Fixie Agent Protocol

Fixie agents can be implemented in any programming language. The Fixie Python Agent API provides a Python SDK that simplifies the implementation of agents in Python. However, it is possible to implement Fixie agents in any programming language, as long as the agent code conforms to the following protocol.

A Fixie agent is a program that accepts HTTP requests of two types:

  • An HTTP GET request to the / endpoint, which returns a list of few-shot examples that the agent supports.
  • An HTTP POST request to the /FUNC endpoint, which returns the result of calling the function FUNC with the parameters specified in the request. Agents can support multiple functions.

Few-shot examples

Upon receiving an HTTP GET request to the / endpoint, the agent must return a list of few-shot examples that it supports. The few-shot examples are used to provide examples to the underlying Large Language Model, such as GPT-4, as well as to provide the Fixie Platform information on what kinds of queries this agent can support.

The few-shot examples are returned as a JSON object with the following format:

{
  "base_prompt": "The base prompt for the few-shot examples.",
  "few_shots": [
    "The first few-shot example.",
    "The second few-shot example.",
    "The third few-shot example."
  ]
}

Each few-shot example consists of one or more lines, separated by a newline character (\n). The first line of each example must be a sample query, which must start with the prefix Q:. The final line of the few-shot example must be the corresponding answer, which must start with the prefix A:. The few-shot example may contain any number of lines in between the query and answer, representing intermediate outputs from the Large Language Model and responses to the LLM from external functions.

Here a single few-shot example:

Q: Generate a random number between 0 and 19.
Ask Func[genrand]: 0, 19
Func[genrand] says: 17
A: The random number is 17.

In this example, the first line represents a sample query that the agent can support. The second line is the LLM's response to receiving this query, which in this case indicates that the Function genrand should be invoked with the input string 0, 19. The third line is the expected response from the Function genrand, and the final line is the answer to the query.

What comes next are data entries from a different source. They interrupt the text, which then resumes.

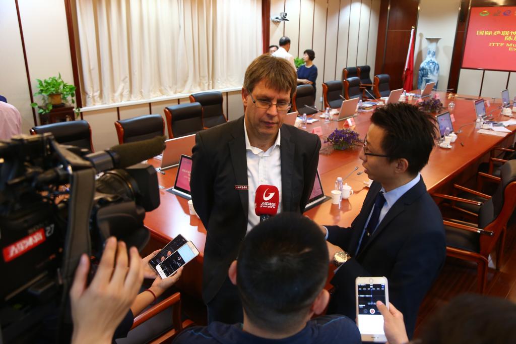本网讯 9月19日,国际乒乓球联合会主席托马斯·维克特先生到访上海体育学院,出席国际乒联博物馆和中国乒乓球博物馆陈展设计方案汇报会议,上海市教委、上海市文广文物局、上海市体育局、上海体育学院等单位领导出席此次会议。
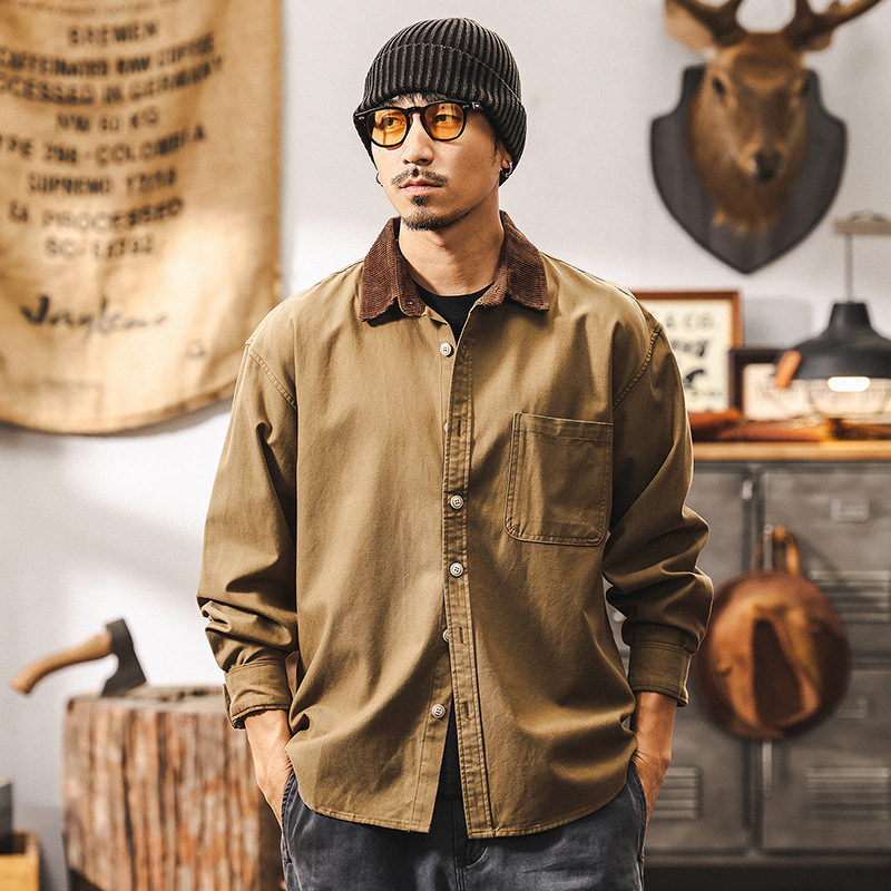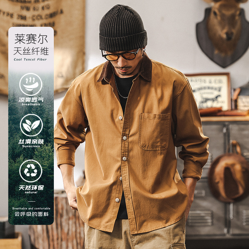 Мужская рубашка из хлопка с оригинальным сочетанием: отстроченный накладной карман и контрастный воротник из премиальной ткани Lyocell (Tencel).
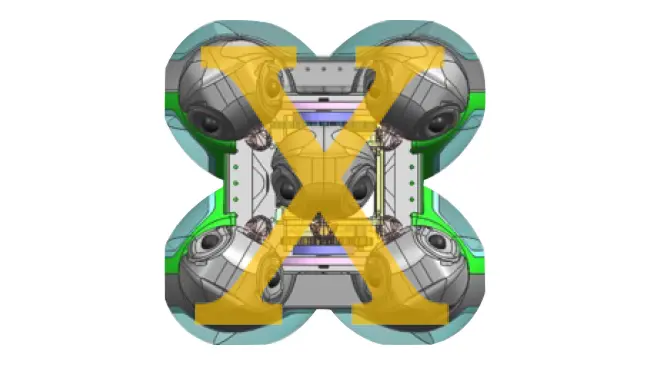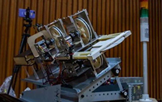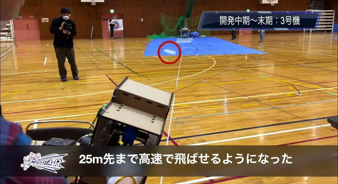 回転する縄に収まるコンパクトな形状でも安定した高いジャンプ力を備えるため、回転運動を直線運動に変えるシンプルな機構を採用。両側のアームを逆方向に回転させることで、バランスを取って真上にジャンプする。 リンクをアーチ状にし、1/3回転分(120deg)を不感帯とすることで、ジャンプに必要な時間を削減、高速ジャンプを可能にしている。同じパラメータなのにディスクの軌道が異なっている場合、ディスクと加速ローラー間で想定外の異常が起きている場合がある。普通に見てもわからないが、高速度カメラで1/4000秒毎に撮影すると違いがはっきりわかる。解析を通じて加圧ローラーやレールなどの機構にフィードバックし、精度を向上させた。
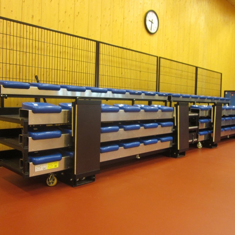 Feste, teleskopische (oder aussiehbare), mobile Tribünen für Theater, Kultur- und Mehrzweckhallen, Sporthallen und Sportarenen, Auditorien für Unternehmen und Bildungseinrichtungen.

Using the Fixie Python SDK, the values of the base_prompt and few_shots fields are specified by setting the values of the BASE_PROMPT and FEW_SHOTS variables in the agent code, respectively.

Function invocation

Upon receiving an HTTP POST request to the /FUNC endpoint, the agent must return the result of calling the agent function FUNC with the parameters specified in the body of the HTTP POST request.

The body of the POST request will be in the following format:

{
  "message": {
    "text": "Argument to function call",
  }
}

The agent should invoke the function FUNC, passing in the contents of the JSON object message as the argument to the function call. The result of the function call should be returned as the value of the result field in the response to the HTTP POST request.

The response to the HTTP POST request should be a JSON object in the format:

{
  "message": {
    "text": "Response to function call",
  }
}

Using the Fixie Python SDK, implementing an agent function is done using the @fixieai.CodeShotAgent.register_func decorator. The decorator takes a single argument, which is the function to be registered. The function must take a single argument, which contains the JSON message object from the HTTP POST request. The function should return a string, which will be the value of the text field in the response message returned by the agent.